New York Times

Justices Rule Dismissal of Air Marshal Unlawful

January 22, 2015

by Adam Liptak

WASHINGTON — The Supreme Court ruled on Wednesday in favor of a fired air marshal, saying he was covered by a federal law protecting whistle-blowers.

Chief Justice John G. Roberts Jr., writing for the majority in the 7-to-2 decision, said that the ruling might create security problems by entrusting the confidentiality of sensitive security information to “the idiosyncratic judgment” of each of the Transportation Security Administration’s employees, but that Congress could address the issue by amending the law. The president could also prohibit disclosure of the information by executive order.

“It is not our role to do so for them,” Chief Justice Roberts wrote.

In 2003, the air marshal, Robert J. MacLean, received a secret briefing from the T.S.A. about a terrorist threat affecting long-distance flights involving weapons smuggled onto aircraft in cameras and children’s toys. Two days later, he received a text message from the security agency saying that it was canceling assignments that required an overnight stay in order to save money.

Mr. MacLean complained to his superiors, saying the move would imperil public safety because air marshals would be absent from some important flights. They responded that the cuts were required by a budget shortfall.

He next went to the inspector general’s office of the Department of Homeland Security. A special agent there told him that there was “nothing that could be done.”

When those officials did not act, he contacted a reporter for MSNBC. The resulting news coverage caught the attention of members of Congress and promptly led to a reversal of the travel policy.

The government identified Mr. MacLean as the source of the report and fired him for disclosing sensitive information without authorization. Mr. MacLean challenged his dismissal under the Whistleblower Protection Act, which insulates federal workers from retaliation if they disclose “a substantial and specific danger to public health or safety.”

The whistle-blower law has an exception for disclosures “specifically prohibited by law.” The question in the case was whether an agency regulation prohibiting disclosure of “specific details of aviation security measures” was the sort of exception that Congress was referring to in the whistle-blower law.

Chief Justice Roberts rejected the argument that the word “law” as used in the whistle-blower statute encompassed the regulation.
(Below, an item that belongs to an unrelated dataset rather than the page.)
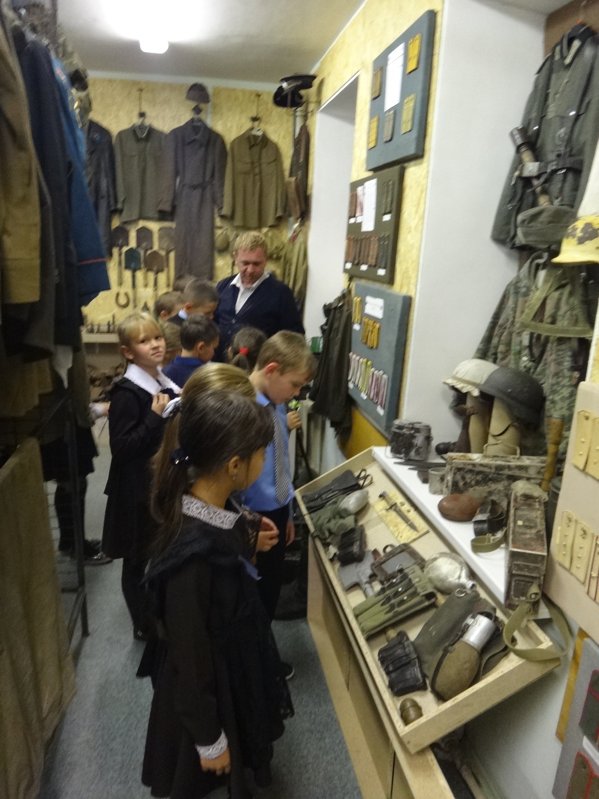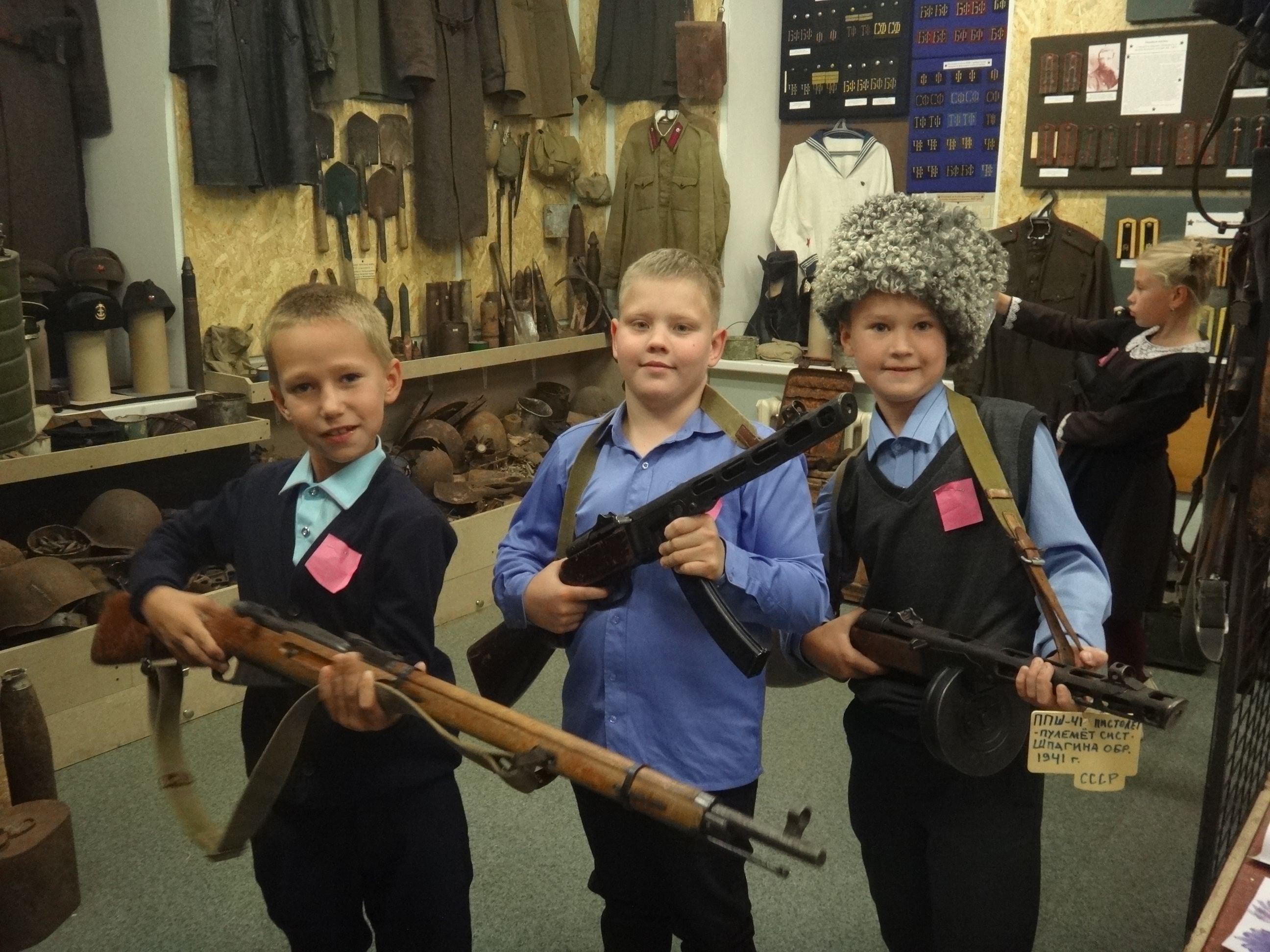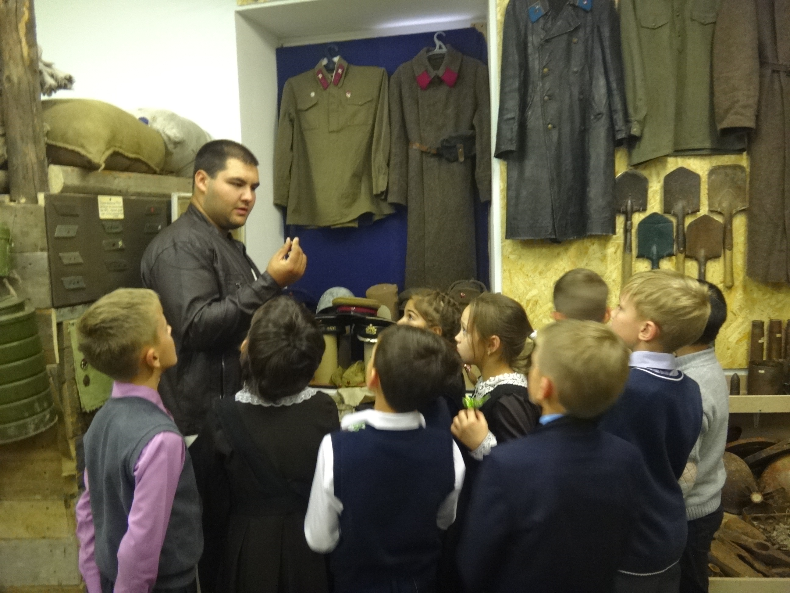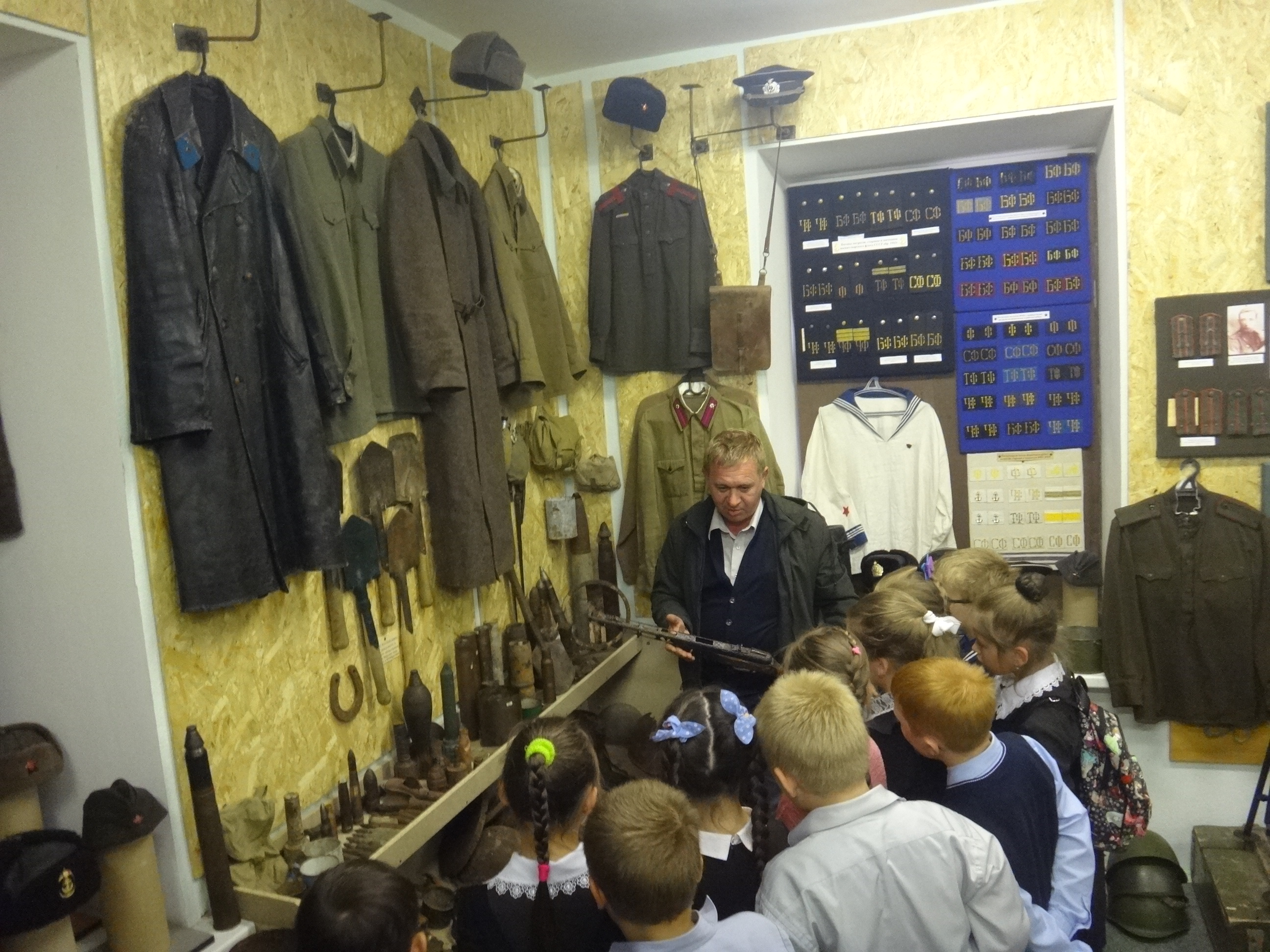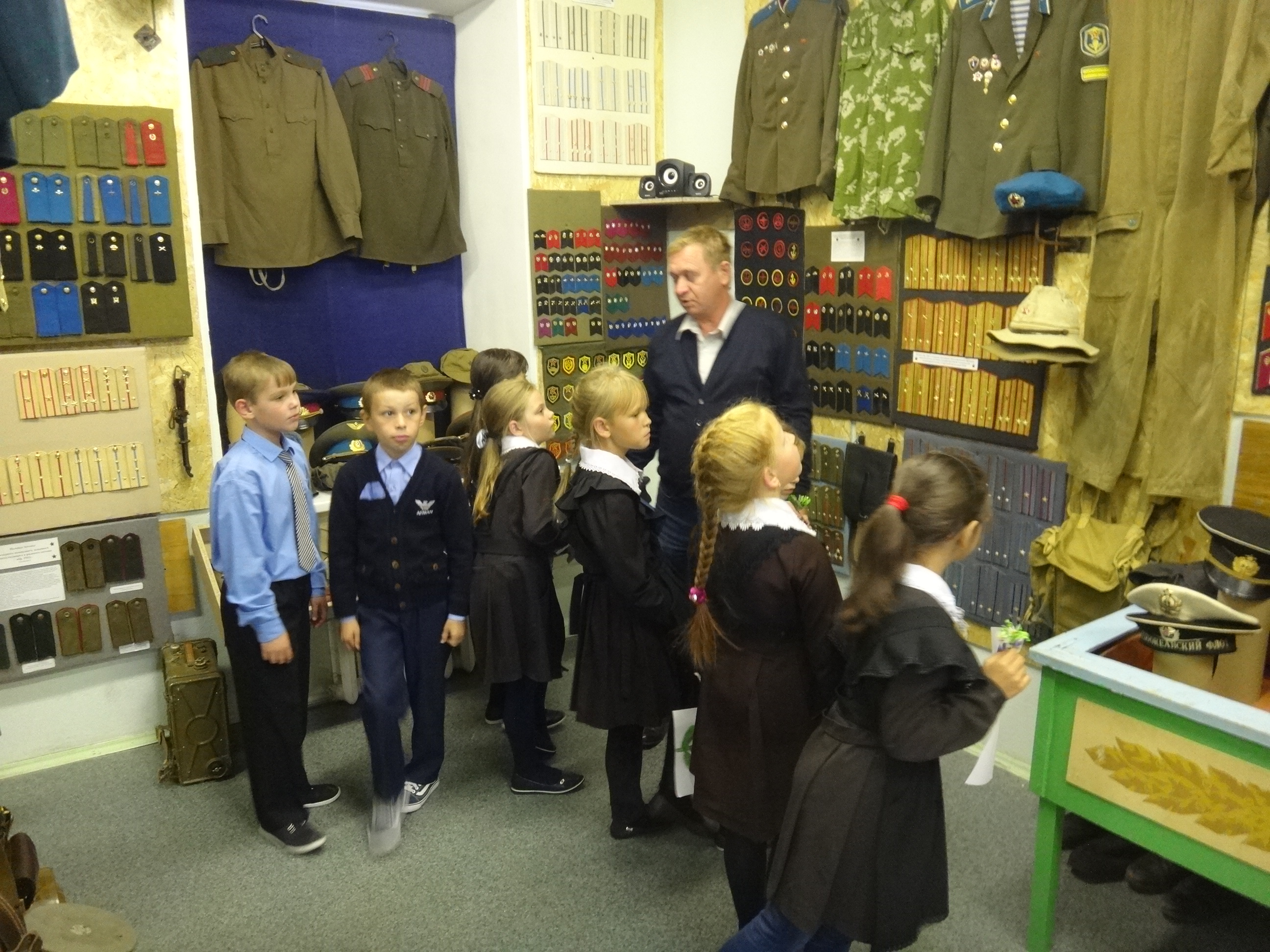 27 сентября музейную комнату военно-исторического клуба "Звезда" при Алексеевском Центре детского творчества посетили сразу 5 групп учащихся начальных классов Алексеевской средней школы №2. Для каждой группы была проведена своя небольшая экскурсия, рассказывающая о целях и задачах работы клуба, знакомящая с основными разделами и наполнением экспозиции. Дети с увлечением знакомились с уникальными экспонатами военной тематики, многие из которых были реальными свидетелями Гражданской и Великой Отечественной войн. Интерактивность музея предоставляет возможность детям самим прикоснуться к истории и подержать в руках практически любые экспонаты, а кое-что даже примерить на себя. Особой популярностью, как всегда, пользовались макеты стрелкового вооружения периода Великой Отечественной войны. Всего в этот день музейную комнату посетили около 70 учащихся в сопровождении своих преподавателей.

He reasoned that the statute had used the word “law” in isolation in the relevant provision, while the rest of the statute often used the broader phrase “law, rule or regulation.”

He also disagreed with the government’s contention that some regulations should nonetheless count as law because they were “promulgated pursuant to an express congressional directive.”

“Outside of this case, however, the government was unable to find a single example of the word ‘law’ being used in that way,” the chief justice wrote. “Not a single dictionary definition, not a single statute, not a single case. The government’s interpretation happens to fit this case precisely, but it needs more than that to recommend it.”

Justice Sonia Sotomayor, joined by Justice Anthony M. Kennedy, dissented in the case, Department of Homeland Security v. MacLean, No. 13-894. Justice Sotomayor wrote that the law’s mandate that the T.S.A. “shall proscribe regulations” was enough to exclude Mr. MacLean from the protections of the whistle-blower law.